DIRECTIONS: The answer must consist solely of the lines from the opening line of the entries through the line with "Vagtskiftet ved Marselisborg", transcribed exactly and without any pictures.

─── EXERCISE INPUT

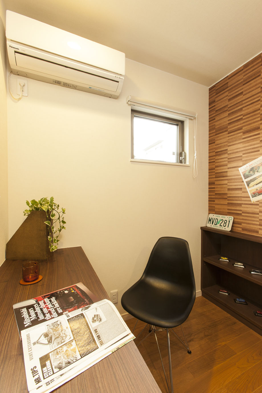 玄関ホール横のフリースペースでは好きな雑誌や小物をならべたり、大人の休み時間を満喫。
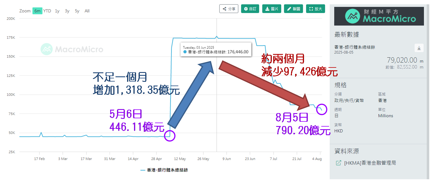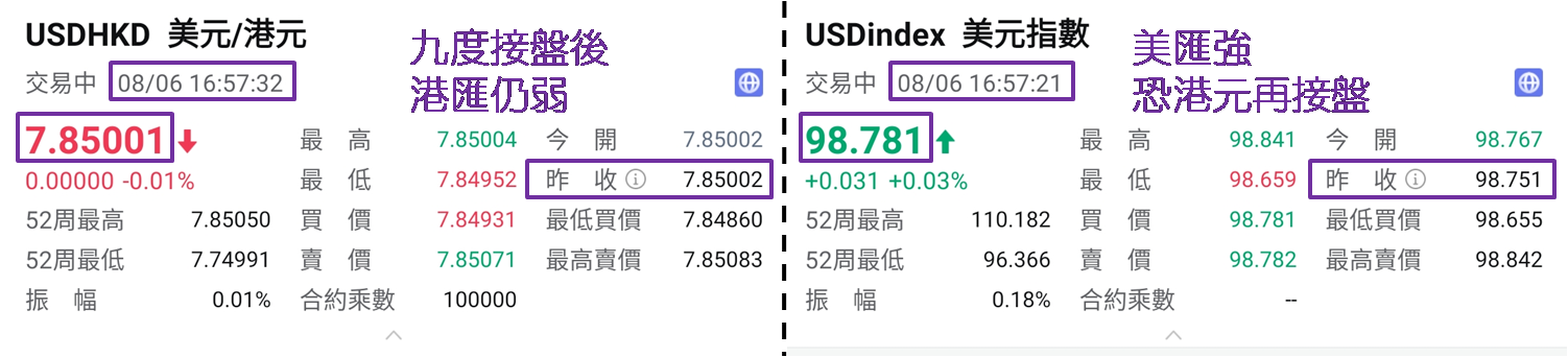 周一 (8月4日) 发布市评文章时表示,港汇再度触及弱方兑换保证,于7月31日港股开市前和8月1日港股收市后,金管局两度又要接港元沽盘。从6月26日计起,约一个月已八度接盘 (令银行体系结余降至790.20亿港元)。其中向坏方面解读,不排除港汇仍有走弱可能,倘再触及弱方兑换保证,港股要进一步「捱沽」。而前文发布仅一日后,港汇的确又一次触及弱方兑换保证,于8月5日港股开市前金管局第九次接盘,令银行体系结余降至724.61亿元,较5月初触发强方兑换保证前,银行体系结余为446.11亿元,差距收窄至278.50亿元。
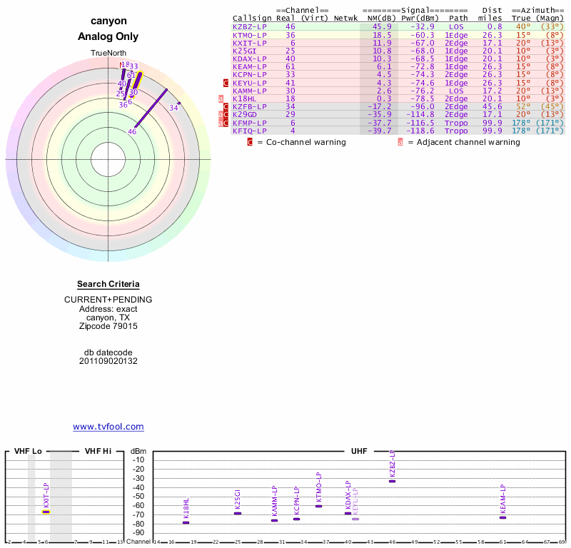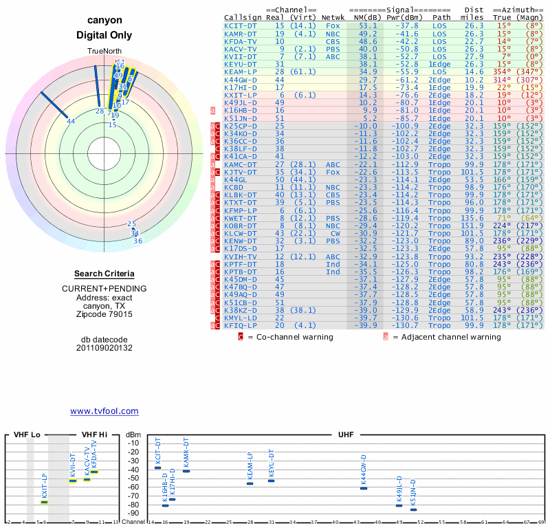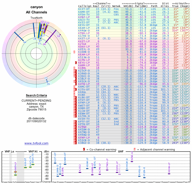 Here are the results for your location. The transmitter database was last updated on June 7, 2013. For more information about these plots and how to interpret them, please check out the Signal Analysis FAQ.
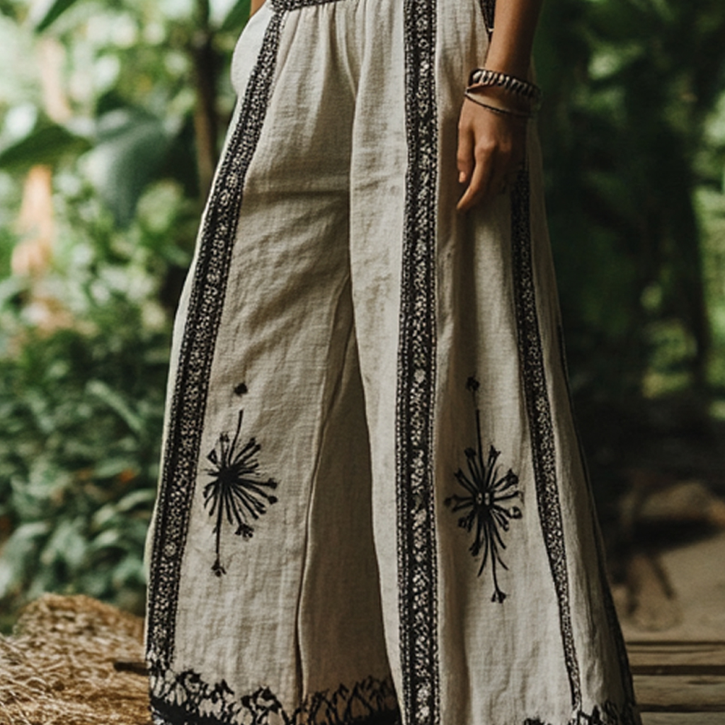 Retro V-neck Lace Linen Women's Long-sleeved Long Skirt Pastoral Style Linen Dress
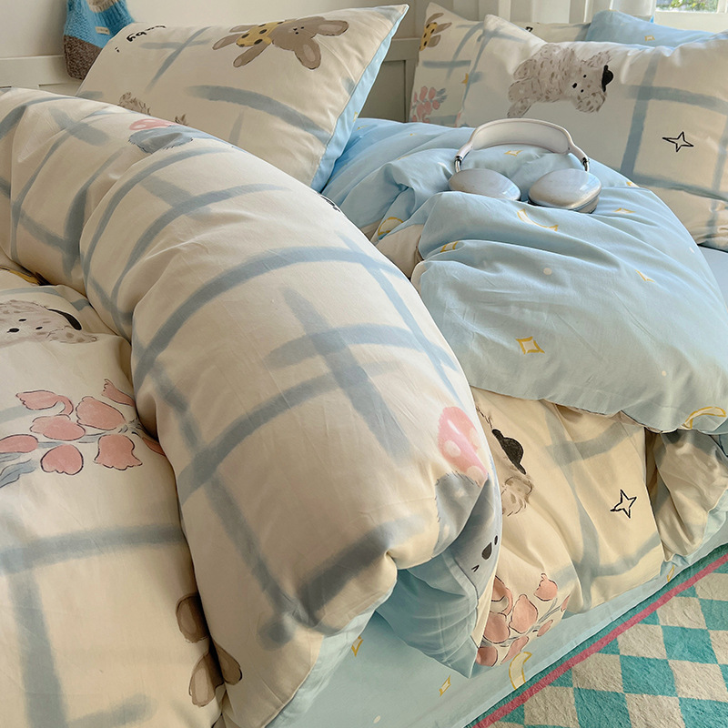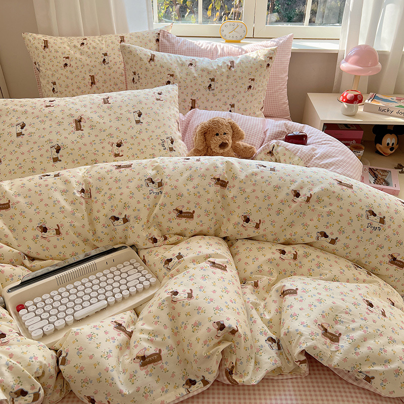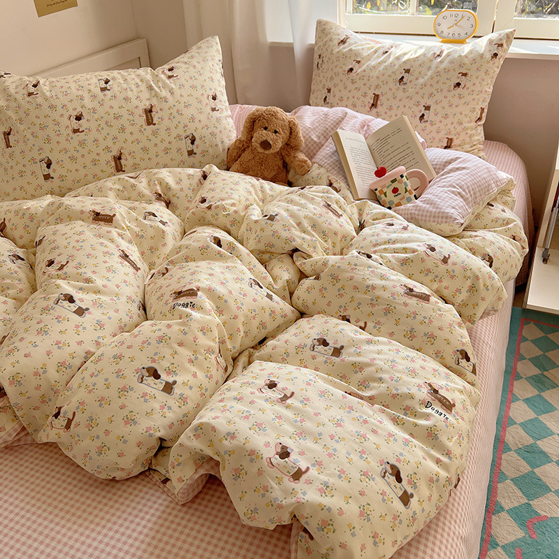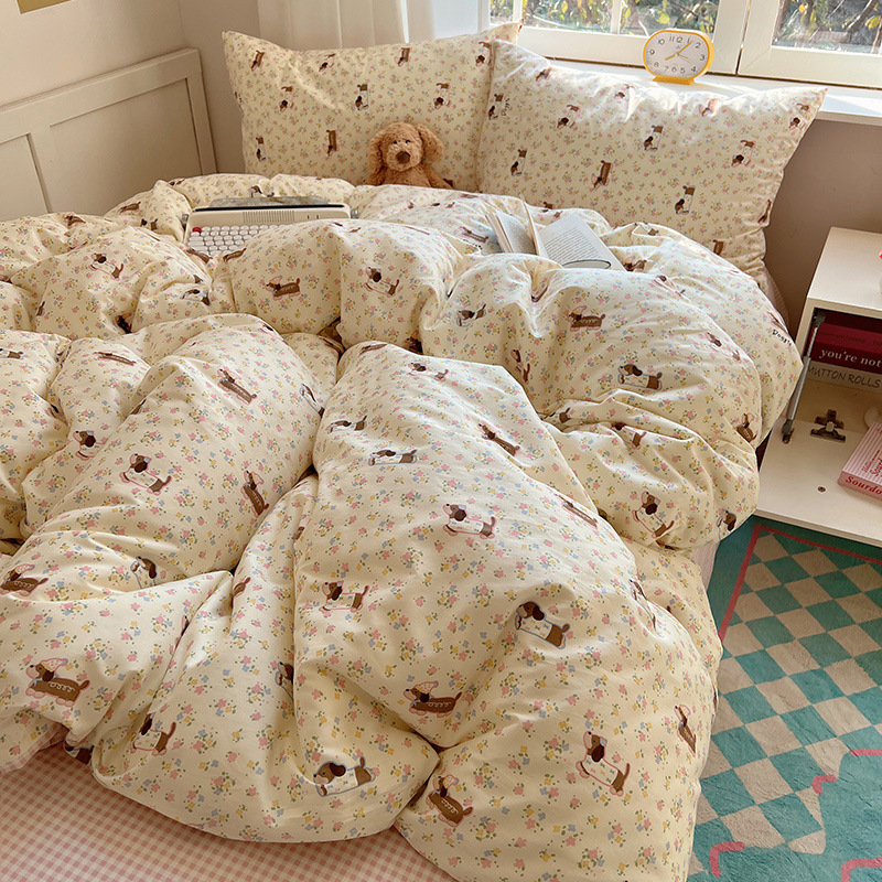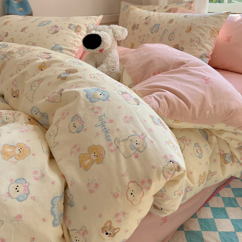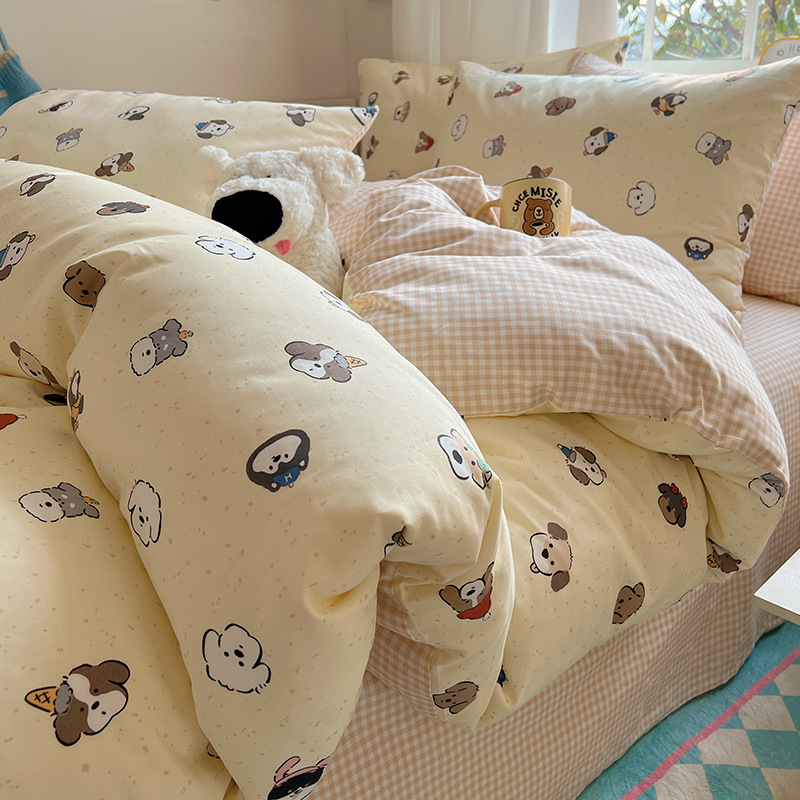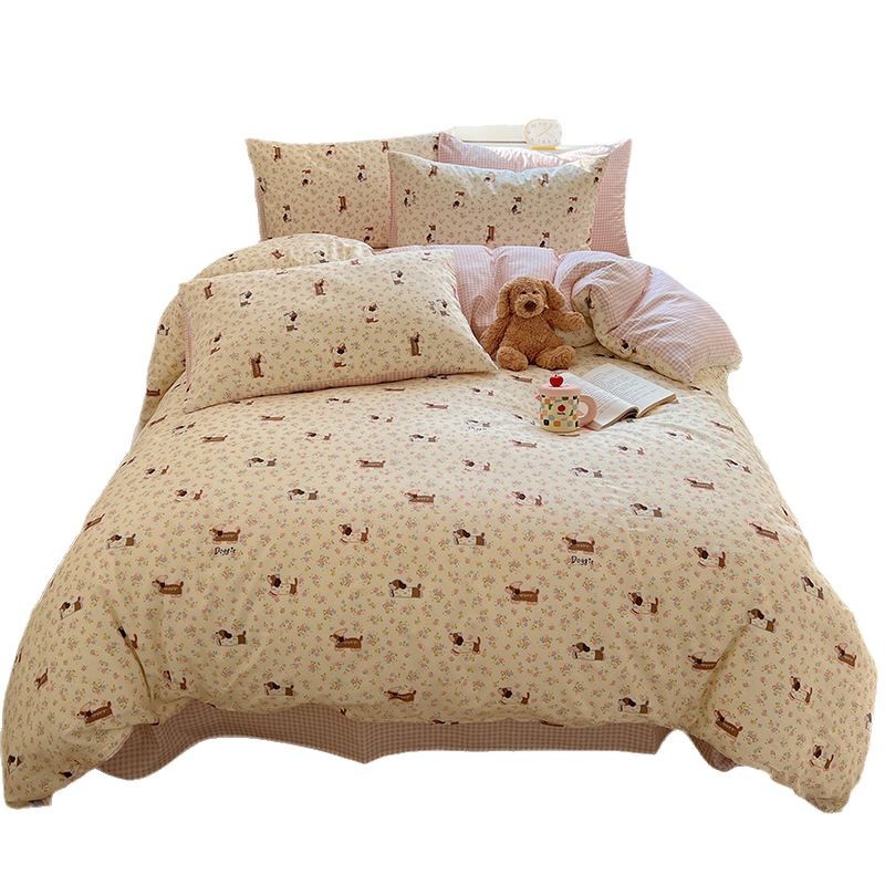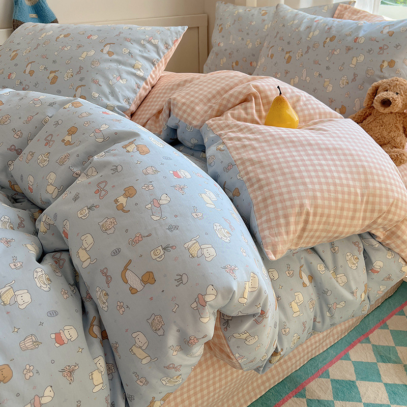 Главная страница > INS Мультяшный хлопок набор из четырех частей Симпатичная собака постельное белье с принтом одеяло простыни Студенческое общежитие набор из трех частей
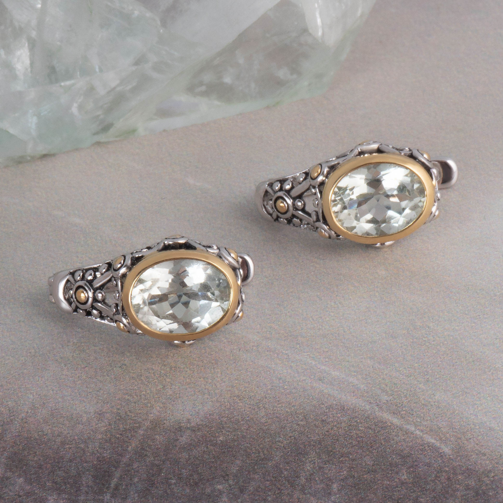 Празиолит - кварц нежного мятного оттенка, выглядит очень привлекательно и благородно. Красота празиолита - в его прозрачности и чистоте, в мягкости зеленого цвета. Этот камень называют также “зеленым аметистом“, ведь часто аметисты обрабатывают путем нагрева до 500 градусов, что заставляет их менять свой фиалковый оттенок на мятный. Чаще всего огранщики придают ему четкие формы, чтобы наиболее раскрыть сияние и блеск минерала.
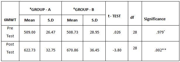 Table-2. Comparison of 6 Minute Walk Test between Group – A and Group – B in Pre and Post Test
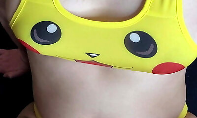 Hot French gal doing Pikachu cosplay getting pounded
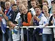 Vagtskiftet ved Marselisborg Slot skærtorsdag kl. 12 tiltrak mange fremmødte, mens politiets indsatsleder undervejs tog sig tid til at besvare spørgsmål fra en nysgerrig dreng.
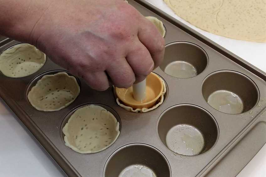 Para darle la forma a las tartaletas, he utilizado un aparato especial pada colocar sin esfuerzo y de la forma más fácil una pequeña lámina redonda de hojalde en el hueco de una bandeja para pasteles. El aparato en cuestión lo podeis ver PULSANDO AQUÍ y me veréis utilizarlo en el video. Primero cortamos el hojaldre con la parte de corta pastas, engrasamos los huecos del molde, colocamos la lámina circular de hojaldre encima de uno de los huecos y presionamos con la pieza alargada.

──────

RESULT OF THIS EXERCISE:
 玄関ホール横のフリースペースでは好きな雑誌や小物をならべたり、大人の休み時間を満喫。
 周一 (8月4日) 发布市评文章时表示,港汇再度触及弱方兑换保证,于7月31日港股开市前和8月1日港股收市后,金管局两度又要接港元沽盘。从6月26日计起,约一个月已八度接盘 (令银行体系结余降至790.20亿港元)。其中向坏方面解读,不排除港汇仍有走弱可能,倘再触及弱方兑换保证,港股要进一步「捱沽」。而前文发布仅一日后,港汇的确又一次触及弱方兑换保证,于8月5日港股开市前金管局第九次接盘,令银行体系结余降至724.61亿元,较5月初触发强方兑换保证前,银行体系结余为446.11亿元,差距收窄至278.50亿元。
 Here are the results for your location. The transmitter database was last updated on June 7, 2013. For more information about these plots and how to interpret them, please check out the Signal Analysis FAQ.
 Retro V-neck Lace Linen Women's Long-sleeved Long Skirt Pastoral Style Linen Dress
 Главная страница > INS Мультяшный хлопок набор из четырех частей Симпатичная собака постельное белье с принтом одеяло простыни Студенческое общежитие набор из трех частей
 Празиолит - кварц нежного мятного оттенка, выглядит очень привлекательно и благородно. Красота празиолита - в его прозрачности и чистоте, в мягкости зеленого цвета. Этот камень называют также “зеленым аметистом“, ведь часто аметисты обрабатывают путем нагрева до 500 градусов, что заставляет их менять свой фиалковый оттенок на мятный. Чаще всего огранщики придают ему четкие формы, чтобы наиболее раскрыть сияние и блеск минерала.
 Table-2. Comparison of 6 Minute Walk Test between Group – A and Group – B in Pre and Post Test
 Hot French gal doing Pikachu cosplay getting pounded
 Vagtskiftet ved Marselisborg Slot skærtorsdag kl. 12 tiltrak mange fremmødte, mens politiets indsatsleder undervejs tog sig tid til at besvare spørgsmål fra en nysgerrig dreng.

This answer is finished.